In the material below, begin at the line that has "暴打天堂ios版手游是一款以", stop after the line that has "Vintage floor lamp", and transcribe those lines exactly, without pictures.
--- Recorded data Enclosed Below ---
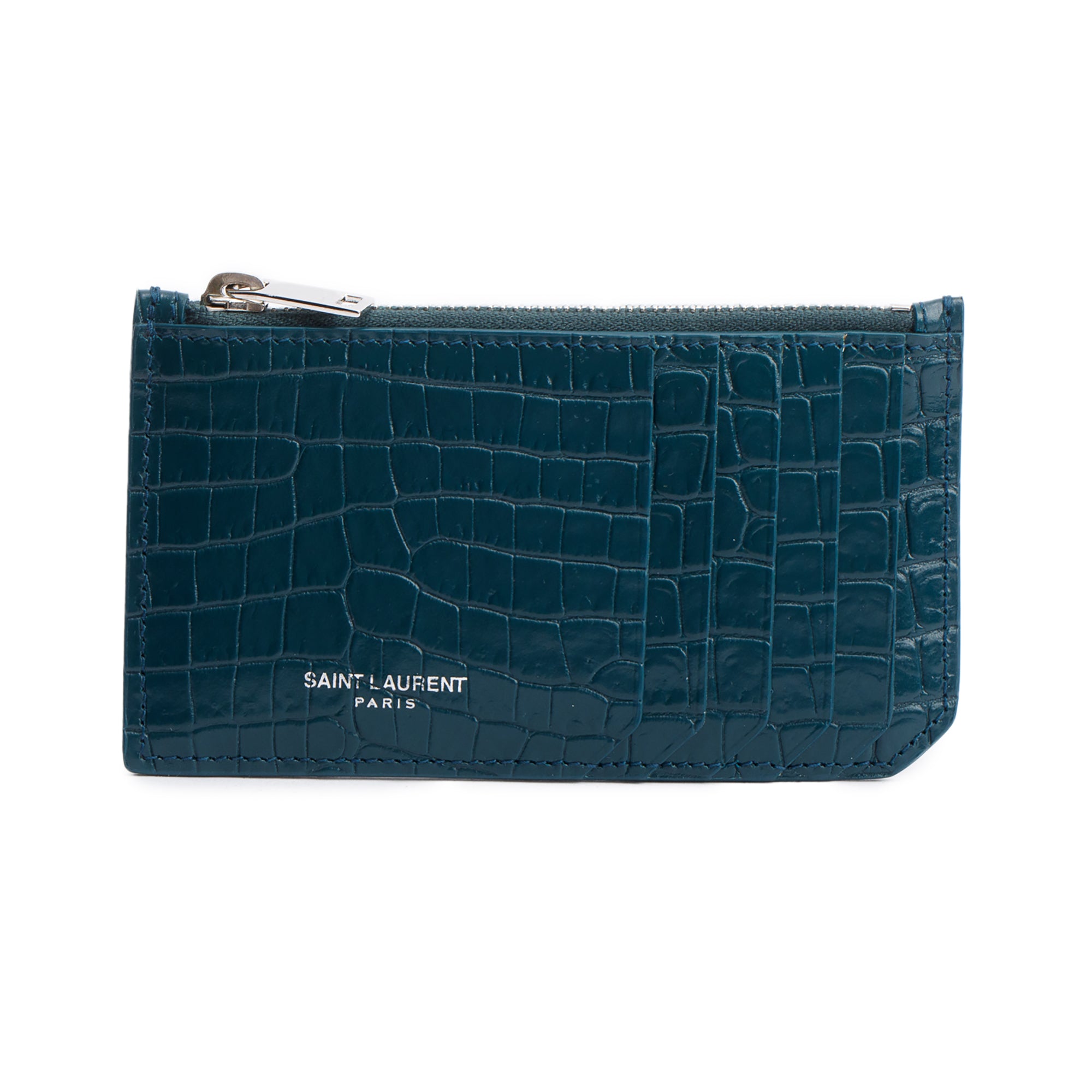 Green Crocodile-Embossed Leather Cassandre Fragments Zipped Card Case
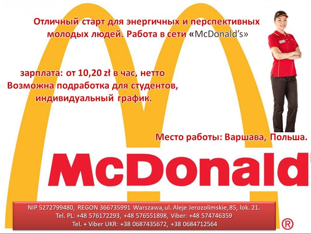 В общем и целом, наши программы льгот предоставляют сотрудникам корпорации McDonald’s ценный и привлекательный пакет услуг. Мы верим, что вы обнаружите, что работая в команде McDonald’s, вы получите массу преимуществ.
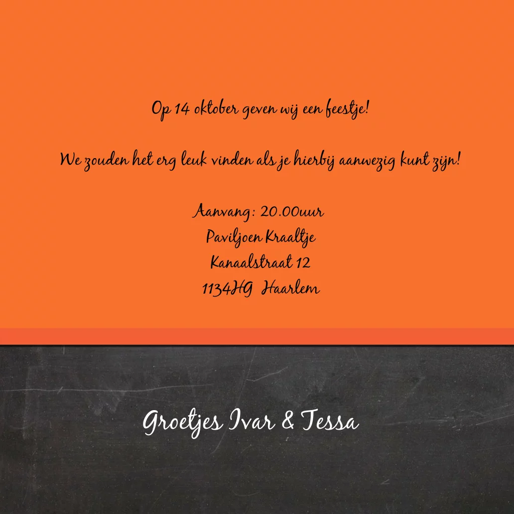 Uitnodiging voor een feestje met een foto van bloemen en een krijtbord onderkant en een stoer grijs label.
--- End of Enclosed Recorded data ---
--- Recorded data Enclosed Below ---
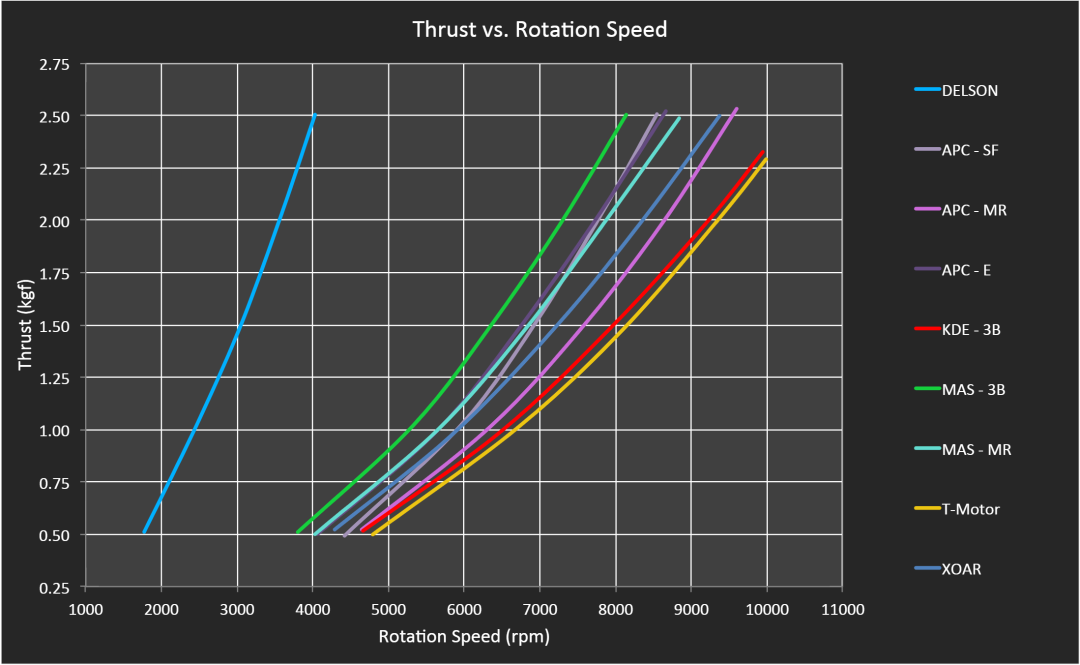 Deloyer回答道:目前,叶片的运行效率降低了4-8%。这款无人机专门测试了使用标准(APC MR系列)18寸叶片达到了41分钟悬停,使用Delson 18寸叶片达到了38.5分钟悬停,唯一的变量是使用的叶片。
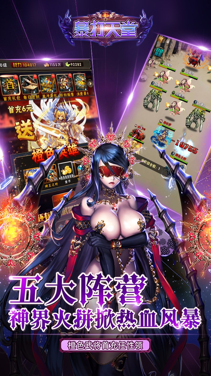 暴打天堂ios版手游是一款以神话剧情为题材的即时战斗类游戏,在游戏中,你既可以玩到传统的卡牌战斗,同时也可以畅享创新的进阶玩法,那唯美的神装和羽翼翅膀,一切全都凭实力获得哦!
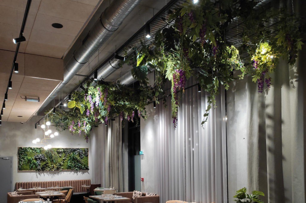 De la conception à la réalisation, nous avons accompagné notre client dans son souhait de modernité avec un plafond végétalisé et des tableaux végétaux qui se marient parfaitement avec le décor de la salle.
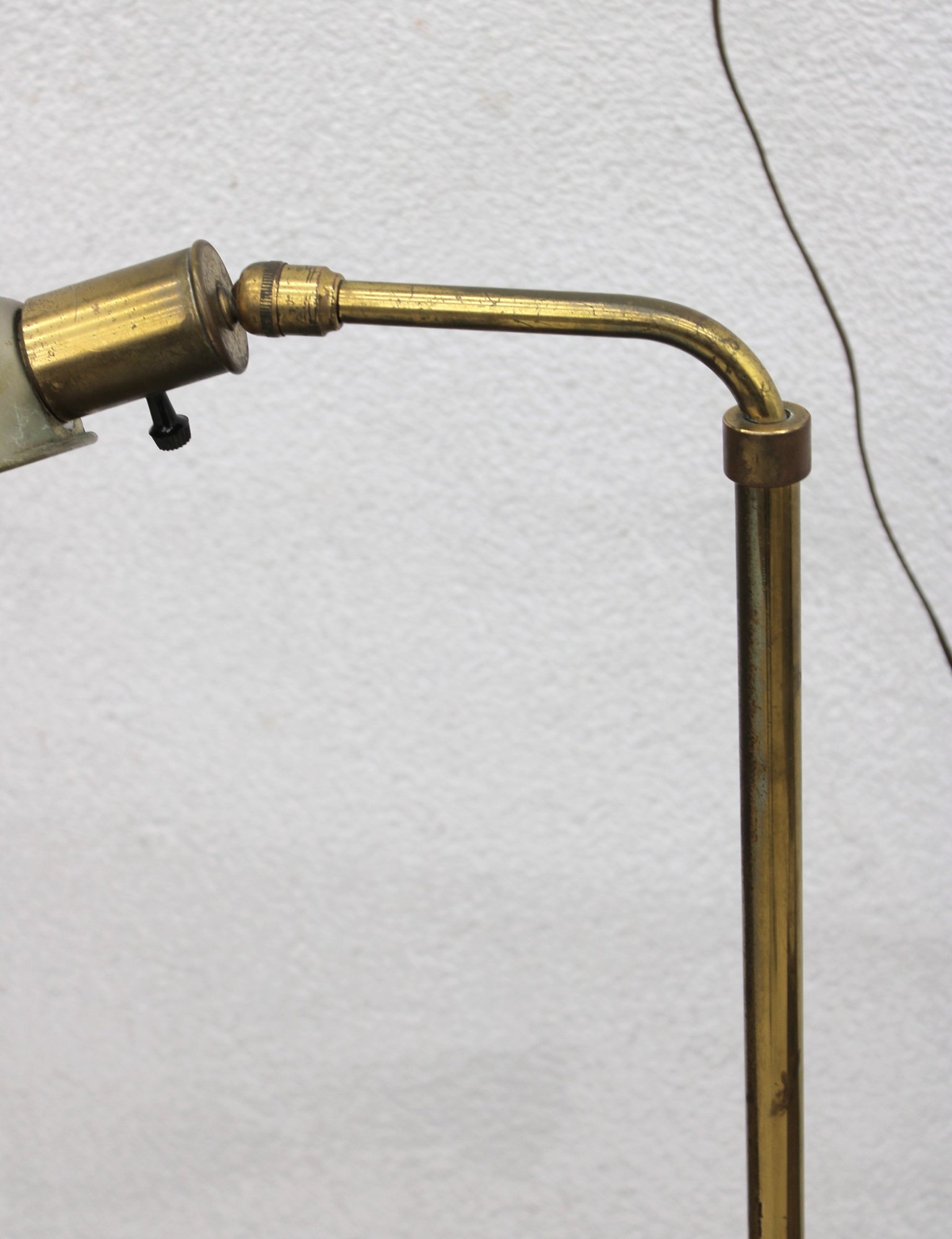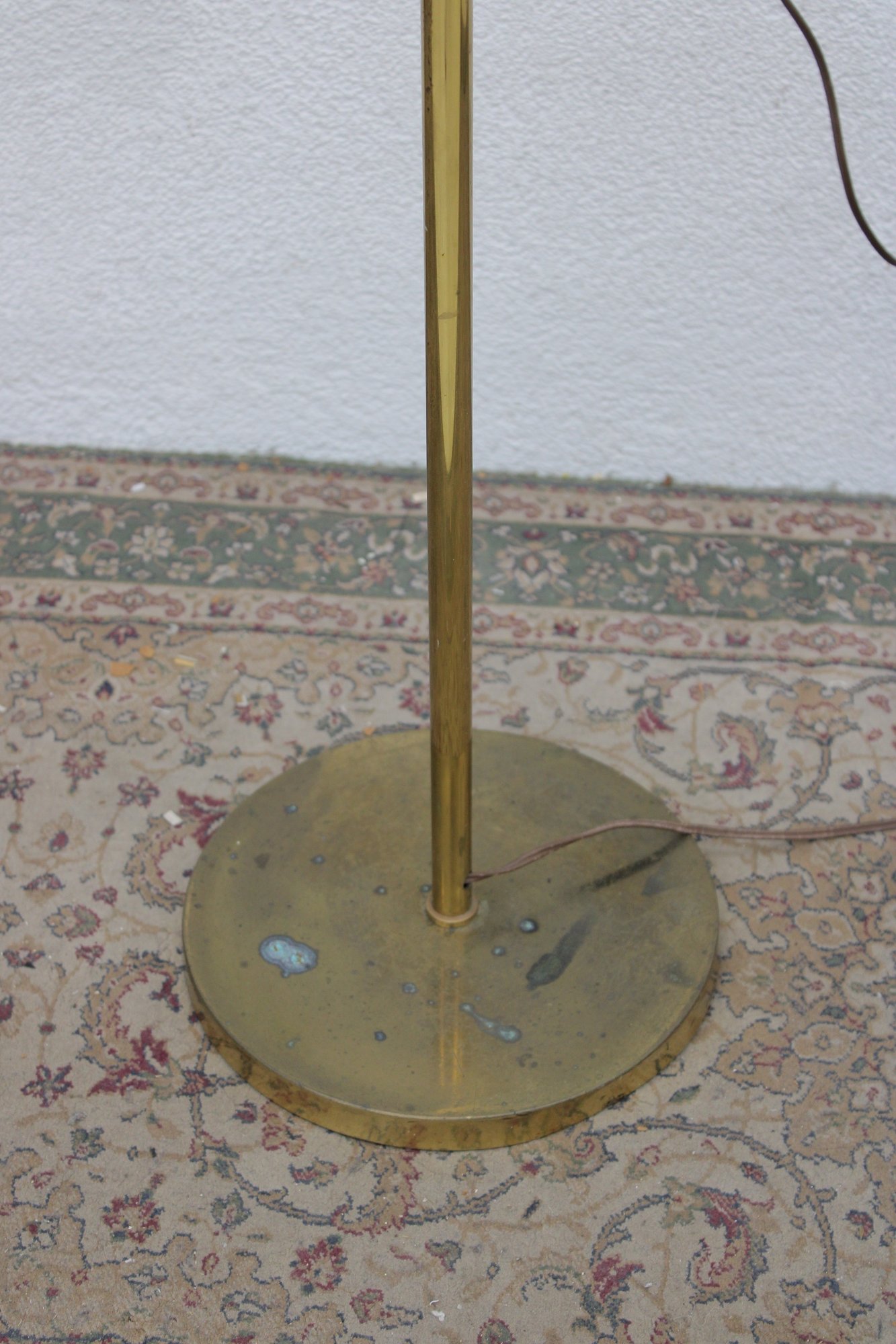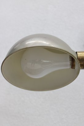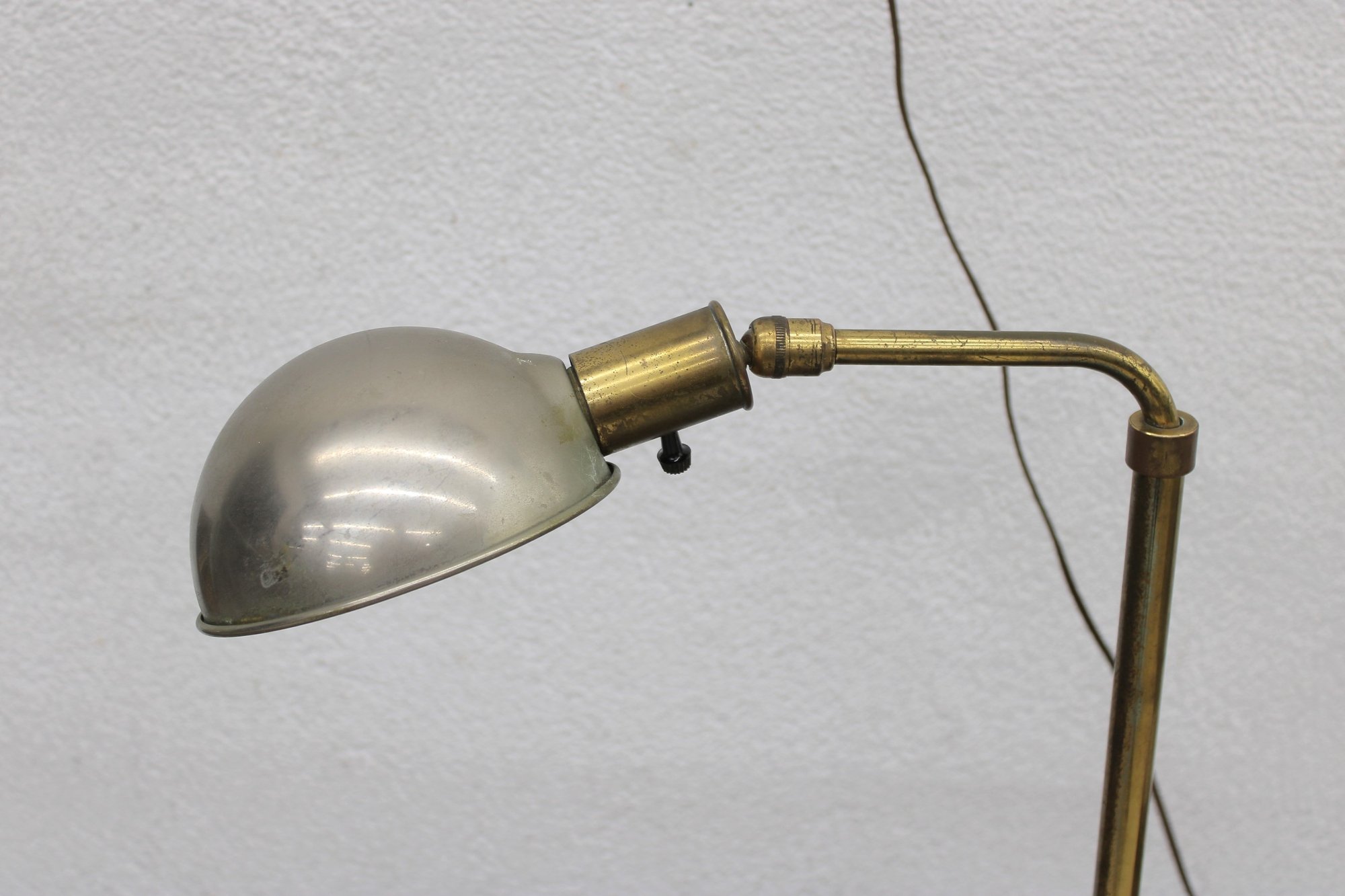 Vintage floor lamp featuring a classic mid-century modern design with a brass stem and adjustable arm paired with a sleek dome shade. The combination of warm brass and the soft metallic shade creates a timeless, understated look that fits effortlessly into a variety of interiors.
--- End of Enclosed Recorded data ---
Your response:
 暴打天堂ios版手游是一款以神话剧情为题材的即时战斗类游戏,在游戏中,你既可以玩到传统的卡牌战斗,同时也可以畅享创新的进阶玩法,那唯美的神装和羽翼翅膀,一切全都凭实力获得哦!
 De la conception à la réalisation, nous avons accompagné notre client dans son souhait de modernité avec un plafond végétalisé et des tableaux végétaux qui se marient parfaitement avec le décor de la salle.
 Vintage floor lamp featuring a classic mid-century modern design with a brass stem and adjustable arm paired with a sleek dome shade. The combination of warm brass and the soft metallic shade creates a timeless, understated look that fits effortlessly into a variety of interiors.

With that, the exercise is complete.